The Scarlet Professor rehearsal. Photo by Skylhur Tranquille ’18
Professor Eric Sawyer, the opera’s composer, at a rehearsal. He says the story is “well-suited to the medium of opera.” Photo by Skyhlur Tranquille ’18

On an otherwise normal fall day in 1960, police arrested a Smith College professor named Newton Arvin. A nationally renowned literary critic, he was detained and publicly humiliated for possessing homosexual erotica, then a crime that carried a maximum five-year prison sentence.

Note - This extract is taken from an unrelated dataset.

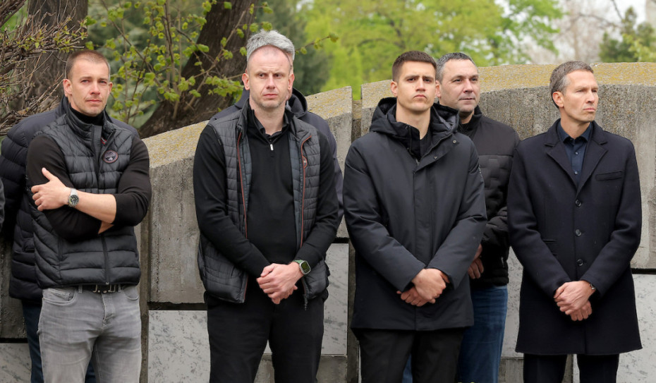 12.30 - Saša Pavlović, Vanja Marinković, Milenko Tepić, Slavko Vraneš i Novica Veličković na sahrani Duška Vujoševića.
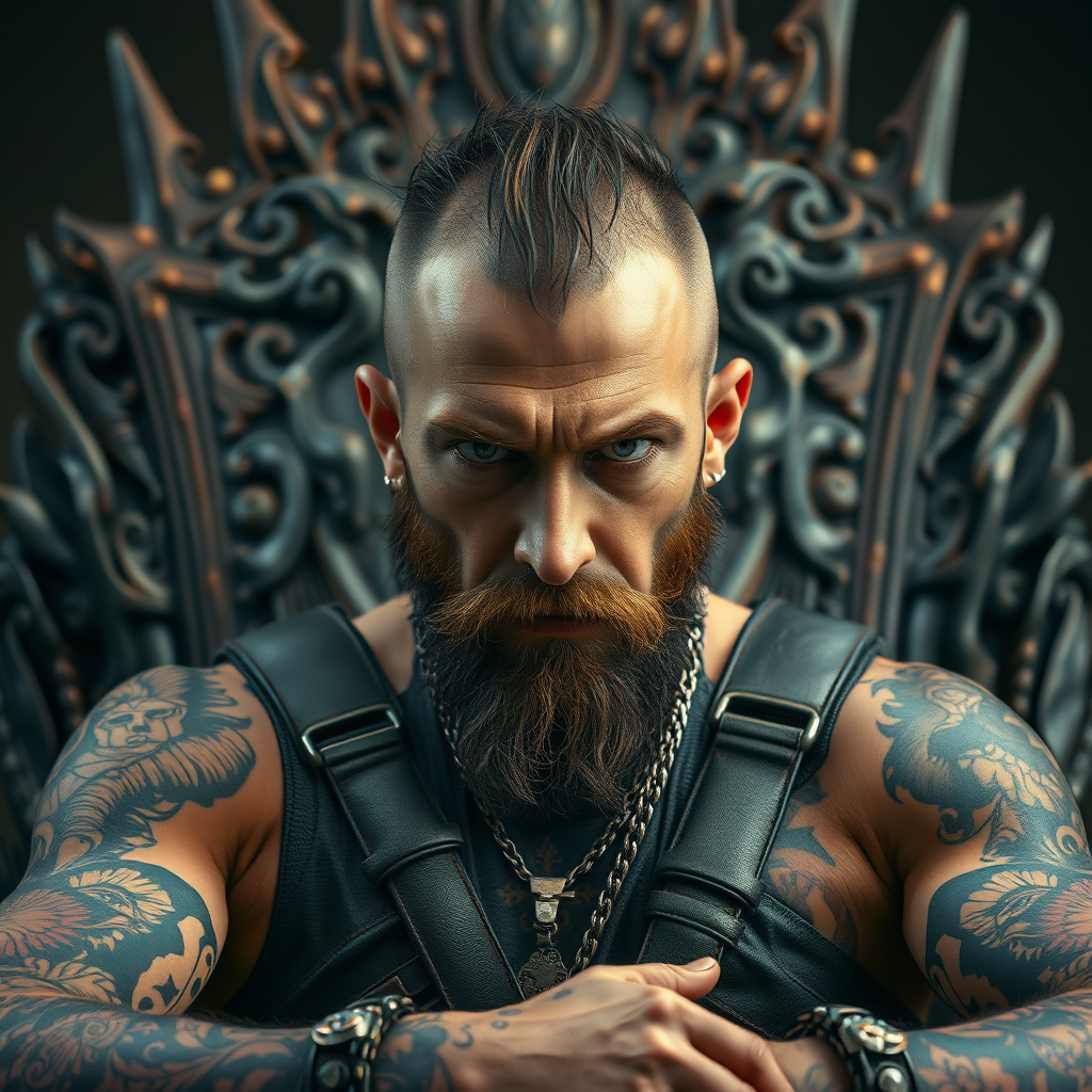 A rugged and intimidating punk-inspired man, exuding strength and anger, sits regally on a throne, adorned with intricate tattoos reminiscent of Game of Thrones. His piercing gaze meets the viewer’s eyes, captured in a hyper-realistic portrait. The photograph showcases his detailed, weathered skin with exceptional clarity, rendered in 8k resolution for breathtaking detail. The full-length frame composition highlights his commanding presence, while the RAW color art captures every nuance. Bathed in diffused soft lighting with sharp focus, the image employs cinematic lighting to enhance the hyperrealism of this striking character study.

This September, nearly six decades later, two Amherst professors brought Arvin’s story to life on stage in The Scarlet Professor, a new opera composed by Professor of Music Eric Sawyer and directed by Associate Professor of Theater and Dance Ron Bashford ’88. 

“It’s part of our history,” Bashford says, “and resonates with things we are thinking about today.”

Based on Northampton writer Barry Werth’s book of the same name, the opera blends real human drama with scenes from the novel Arvin wrote about most passionately: Nathaniel Hawthorne’s The Scarlet Letter

“Having a literary critic as a central character calls for dramatizing the life of the mind,” says Sawyer, “a wonderful challenge and one well-suited to the medium of opera.”

A darkly comic mix of history and fiction, this new opera takes place in the days surrounding the professor’s detention. The setting is the Massachusetts state mental hospital where Arvin voluntarily committed himself following his arrest.

The Scarlet Professor was presented by professional performers Sept. 15–17 and by Five College students Sept. 23–24. The dual casting, Bashford says, allowed professionals to realize the premiere as fully as possible, while also giving students the benefit of rehearsing alongside professionals and having their own performances. 

Several Amherst students were involved behind the scenes, too. Theater and dance major Julia Lauren Thompson ’19, for example, began assisting Sawyer last year, researching Arvin’s history and organizing auditions. 

Thompson sees the opera’s themes as particularly relevant today: “Arvin was a brilliant, successful man trapped in a loneliness largely of his own making. The opera invites thinking about how to be a better friend and colleague in the face of hardship.”


Rachel Rogol covers the arts in the Amherst communications office.